* _Task prompt_
Go through the following data and transcribe exactly the stretch of lines from the one holding "30 Ağustos Zafer" to the one holding "Katılımcılar daha sonra", both included.

* _Entries shown_
★ ★ ★ ★ ★ ★ ★

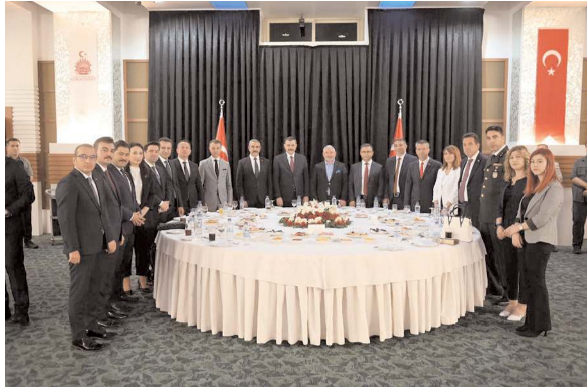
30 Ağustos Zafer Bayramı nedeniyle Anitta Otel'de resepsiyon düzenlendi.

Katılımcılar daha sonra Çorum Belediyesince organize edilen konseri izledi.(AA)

★ ★ ★ ★ ★ ★ ★

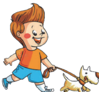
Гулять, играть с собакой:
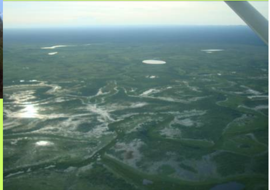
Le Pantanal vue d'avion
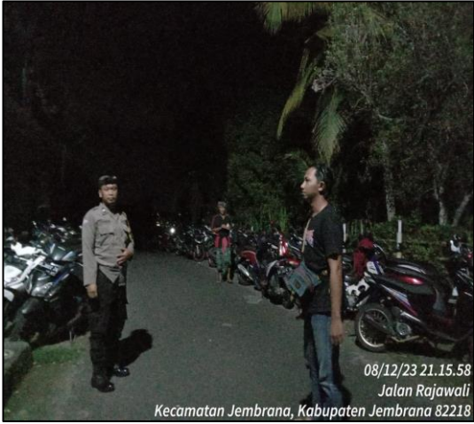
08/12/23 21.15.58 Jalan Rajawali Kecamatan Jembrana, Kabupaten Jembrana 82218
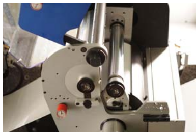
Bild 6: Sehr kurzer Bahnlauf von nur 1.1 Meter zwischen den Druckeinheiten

★ ★ ★ ★ ★ ★ ★

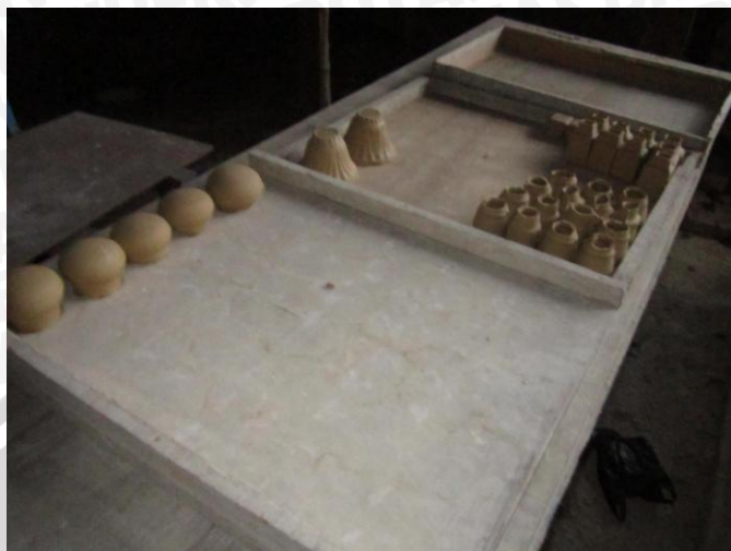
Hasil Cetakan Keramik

★ ★ ★ ★ ★ ★ ★

* _Your response_
30 Ağustos Zafer Bayramı nedeniyle Anitta Otel'de resepsiyon düzenlendi.

Katılımcılar daha sonra Çorum Belediyesince organize edilen konseri izledi.(AA)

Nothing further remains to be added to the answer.